Work to complete => Look below for the line with "- Cathinones (β-oxo-substituted" and the line with "Профессиональный специальный диск". Copy exactly those two lines and every line between, but not the pictures.

Material for this exercise =>
========

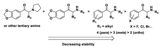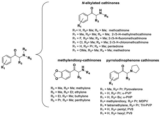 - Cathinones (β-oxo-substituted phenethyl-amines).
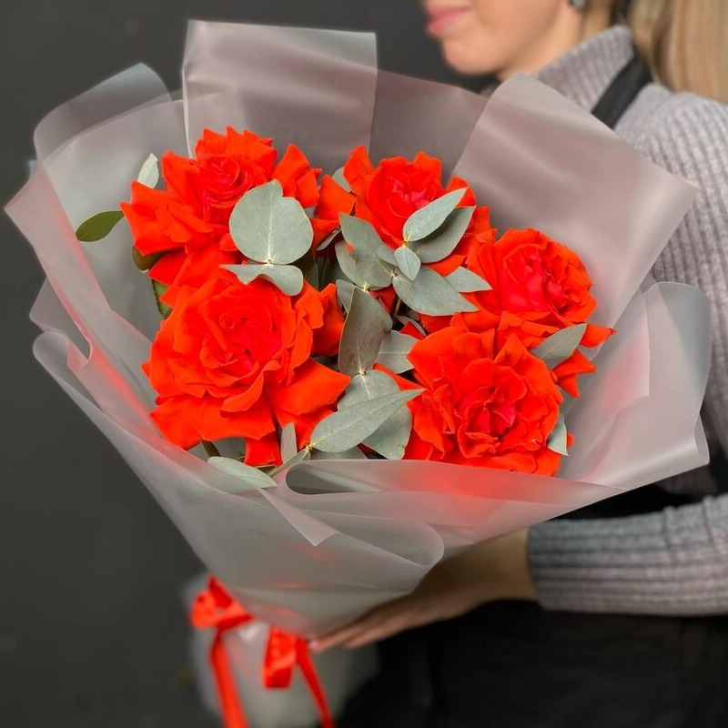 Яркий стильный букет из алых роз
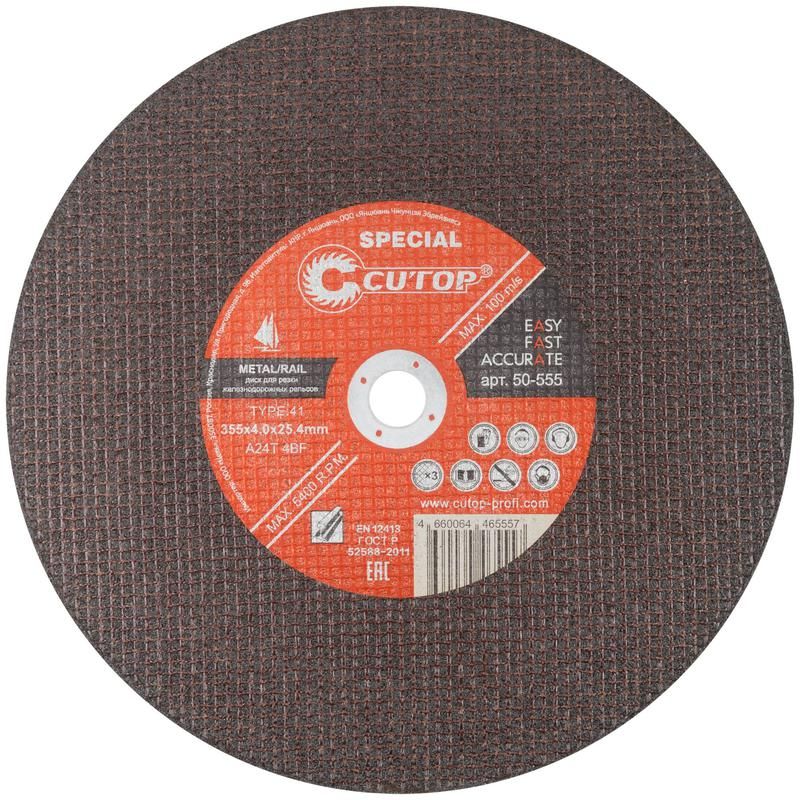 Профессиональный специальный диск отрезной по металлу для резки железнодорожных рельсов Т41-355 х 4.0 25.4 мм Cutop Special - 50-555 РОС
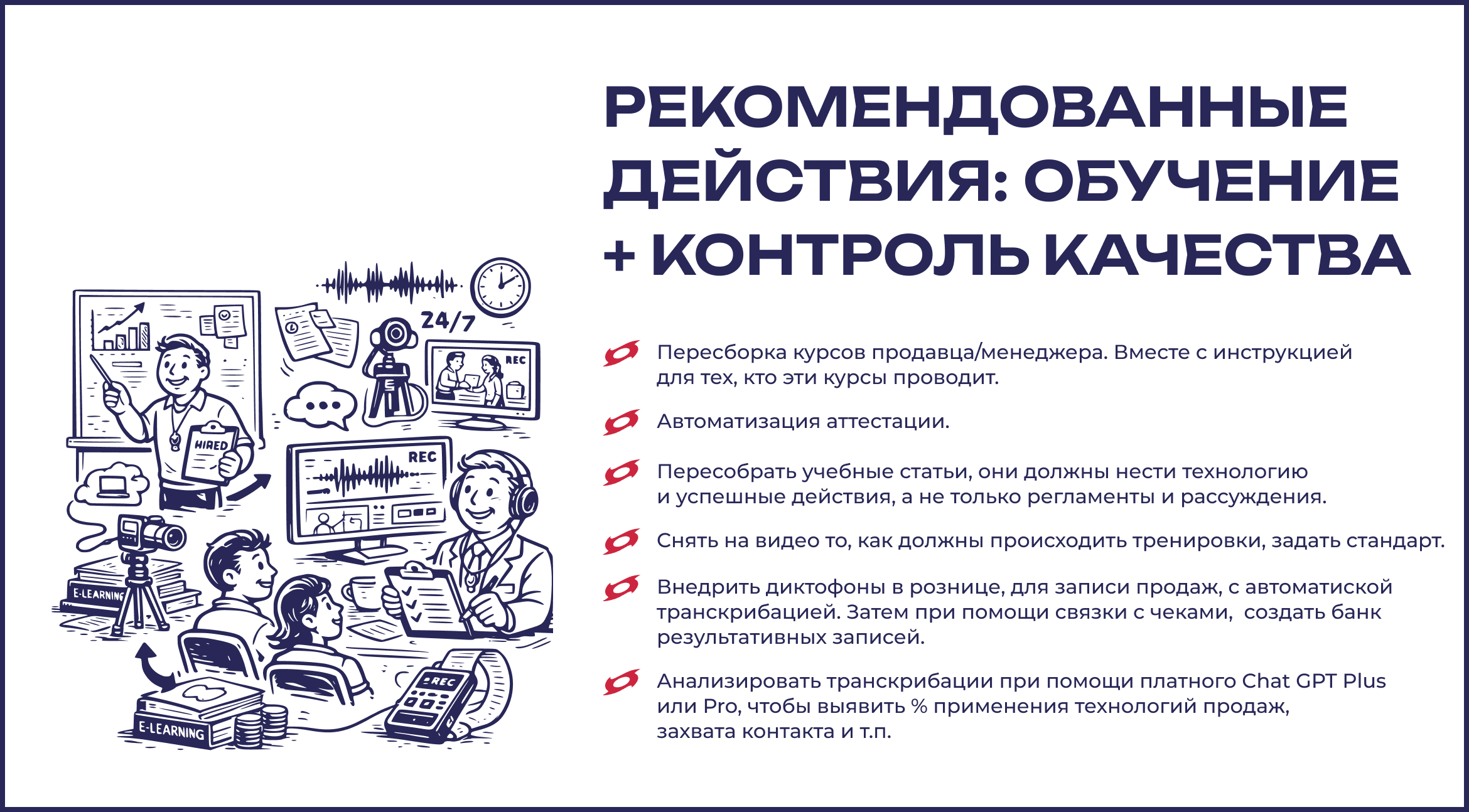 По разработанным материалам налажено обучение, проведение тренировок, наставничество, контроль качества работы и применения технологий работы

========

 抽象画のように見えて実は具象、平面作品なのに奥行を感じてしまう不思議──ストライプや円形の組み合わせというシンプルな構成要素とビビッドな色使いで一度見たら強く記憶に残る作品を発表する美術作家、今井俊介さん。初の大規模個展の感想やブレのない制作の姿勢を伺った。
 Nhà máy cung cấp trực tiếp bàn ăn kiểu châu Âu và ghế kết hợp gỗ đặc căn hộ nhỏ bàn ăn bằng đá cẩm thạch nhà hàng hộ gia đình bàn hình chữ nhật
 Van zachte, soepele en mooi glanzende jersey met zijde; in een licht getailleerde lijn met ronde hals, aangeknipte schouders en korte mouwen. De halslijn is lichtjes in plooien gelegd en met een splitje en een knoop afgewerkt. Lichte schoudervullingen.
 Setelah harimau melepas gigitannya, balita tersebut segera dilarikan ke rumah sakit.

========

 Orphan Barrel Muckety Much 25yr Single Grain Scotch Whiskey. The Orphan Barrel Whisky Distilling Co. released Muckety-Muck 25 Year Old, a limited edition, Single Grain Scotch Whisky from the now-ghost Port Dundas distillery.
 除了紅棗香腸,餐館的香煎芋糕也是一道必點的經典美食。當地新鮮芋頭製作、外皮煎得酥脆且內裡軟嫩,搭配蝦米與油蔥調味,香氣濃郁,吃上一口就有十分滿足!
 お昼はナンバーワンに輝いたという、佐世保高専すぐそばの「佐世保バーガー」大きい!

========

Response =>
 - Cathinones (β-oxo-substituted phenethyl-amines).
 Яркий стильный букет из алых роз
 Профессиональный специальный диск отрезной по металлу для резки железнодорожных рельсов Т41-355 х 4.0 25.4 мм Cutop Special - 50-555 РОС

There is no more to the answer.